Now users with devices running Android 4.1 Jelly Bean to Android 4.4 KitKat can download the updated Google Now Launcher, allowing them to experience some of the elements of Google's latest Android 5.0 Lollipop - though these elements are very few and don't even include the Lollipop onscreen navigation bar.

The updated Google Now Launcher includes changes such as the Search bar on the home screen and app drawer now has a white theme like Lollipop. The Google Now swipe-side menu has also been added, and few animations are also similar to Lollipop OS.

Last week, Google updated the Google aka Google Search app to version 4.1, bringing the all new 'Now cards' settings page, improved 'Ok Google' Detection settings, slightly revamped Material Design-like elements, and support for nine new Indian languages.

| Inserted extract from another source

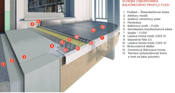 Balkónový profil - FLEXIje jedinečný profil na trhu s balkónovými profilmi na ukončovanie balkónov a terás oblúkového tvaru s pokládku na hotový spádový poter. Výška ukončovacej hrany je 10 mm. Je vhodný pre konštrukčné skladby s jedno alebo dvojzložkovou elastickou hydroizoláciou, prípadne separačnou fóliou CS. Profil je možné ohnúť na požadovaný rádius pomocou špeciálnej skružovačky. Pomocou uzatvorenej hrany získame čisté a dokonalé ukončenie dlažby oblúkového tvaru. Profil je možné kombinovať s balkónovým profilom PRIAMY. Viac o realizovaných projektoch na www.celox.sk v sekcii balkónový profil FLEXI.

Later in the week, the app teardown by Android Police revealed new findings speculating possible integrations in the future such as audible notifications, Project Hera, third-party integration and more.

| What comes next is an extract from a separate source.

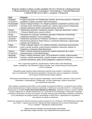 Program szkolnej wymiany uczniów pomiędzy IX LO w Krakowie i szkołą partnerską w Niemczech Konrad-Adenauer-Gymnasium w Westerburgu w Nadrenii-Palatynacie w dniach 01-08 czerwca 2014 r.: program w Niemczech Data Niedziela 01.06.2014 Poniedziałek 02.06.2014 Wtorek, 03.06.2014 Środa, 04.06.2014 Czwartek, 05.06.2014 Piątek, 06.06.2014 Sobota, 07.06.2014 Niedziela, 08.06.2014 Program Przyjazd wieczorem do Westerburga (minibus, firma trans-express z Krakowa), powitanie w szkole, poznanie rodzin niemieckich Udział w lekcjach (lekcje 1-4), oficjalne powitanie uczestników wymiany przez dyrekcję szkoły niemieckiej; wspólne gry i zabawy zapoznawczo-integracyjne, wspólne gotowanie obiadu (niemieckiej potrawy „Eintopf“) Całodniowa wycieczka, zwiedzanie muzeum „Haus der Geschichte“ w Bonn i Muzeum Beethovena, spacer po Bonn Wycieczka do Limburga: zwiedzanie typowego miasteczka niemieckiego (zabytkowa starówka z muru pruskiego) Całodniowa wycieczka do Frankfurtu nad Menem, zwiedzanie Muzeum Senckenberg (Muzeum Historii Natury) i zwiedzanie Maintower (najwyższego budynku we Frankfurcie) Udział w lekcjach (lekcje 1-2), wspólne warsztaty, prezentacja opracowanych przez uczniów tematów, podsumowanie spotkania, wieczorem wyjście na kręgielnię w miasteczku Bad Marienberg Dzień z rodziną niemiecką (propozycja: wspólne wspinanie się w parku wspinaczkowym w Bad Marienbergu) Dzień z rodziną niemiecką, godz. 18.30 spotkanie w szkole, podsumowanie wymiany: ankieta ewaluacyjna, wspólna kolacja uczestników wymiany z rodzinami uczniów niemieckich, godz. 20.00 pożegnanie i wyjazd do Krakowa Plan i organizacja spotkania: Jörg Brockamp i Kathrin Kloft z KAG Westerburg, Opieka i współpraca: mgr Aleksandra Pagacz-Pociask i mgr Violetta Winiarska-Szwarczyńska z IX LO w Krakowie Wszystkie punkty programu będą realizowane wspólnie przez polskich i niemieckich uczniów wraz z ich opiekunami. W programie przewidziano również dużo czasu na spotkania w rodzinach oraz w grupie rówieśniczej pod opieką rodziców. Obowiązuje komunikatywna znajomość języka angielskiego, kultura osobista, otwartość i chęć poznania rówieśników z sąsiadującego z Polską kraju, ich dnia codziennego, systemu szkolnictwa oraz odmienności kulturowej. Cena udziału w programie wynosi 500 zł. Jest to opłata na przejazd do Niemiec i z powrotem oraz na zakup polisy ubezpieczeniowej. Program kulturalny realizowany w Niemczech oraz jesienią 2014 r. w Krakowie jest finansowany ze środków Polsko-Niemieckiej Współpracy Młodzieży. Spotkanie uczniów w ramach szkolnej wymiany odbywa się na zasadzie wymienności, tzn. uczniowie IX LO przebywając w Niemczech mieszkają w rodzinach niemieckich i są przez nich żywieni. W czasie rewizyty grupy niemieckiej w Krakowie uczniowie IX LO są zobowiązani do przyjęcia partnera niemieckiego w swoim domu i zapewnienia mu wyżywienia oraz dojazdu do szkoły na swój koszt. Serdecznie zapraszamy! Szkolna wymiana uczniów pomiędzy IX LO w Krakowie i KAG Westerburg rozpoczęła się w 2002 r. i odbywa się corocznie. Więcej informacji dostępnych jest na stronie internetowej IX LO w zakładce > Współpraca międzynarodowa Więcej informacji udzielają nauczyciele języka niemieckiego: mgr Aleksandra Pagacz-Pociask i mgr Violetta Winiarska-Szwarczyńska

One feature that that went live silently was noted in the report. In the updated app, Google tweaked the Google Now launcher ability to interact with users. The launcher has been improved to work as an overlay representing interactions, regardless of which launcher or application is active. This is different from the older version, where speaking the key phrase 'Ok Google' with any other app in the foreground would immediately launch Search, sending the current app into the background.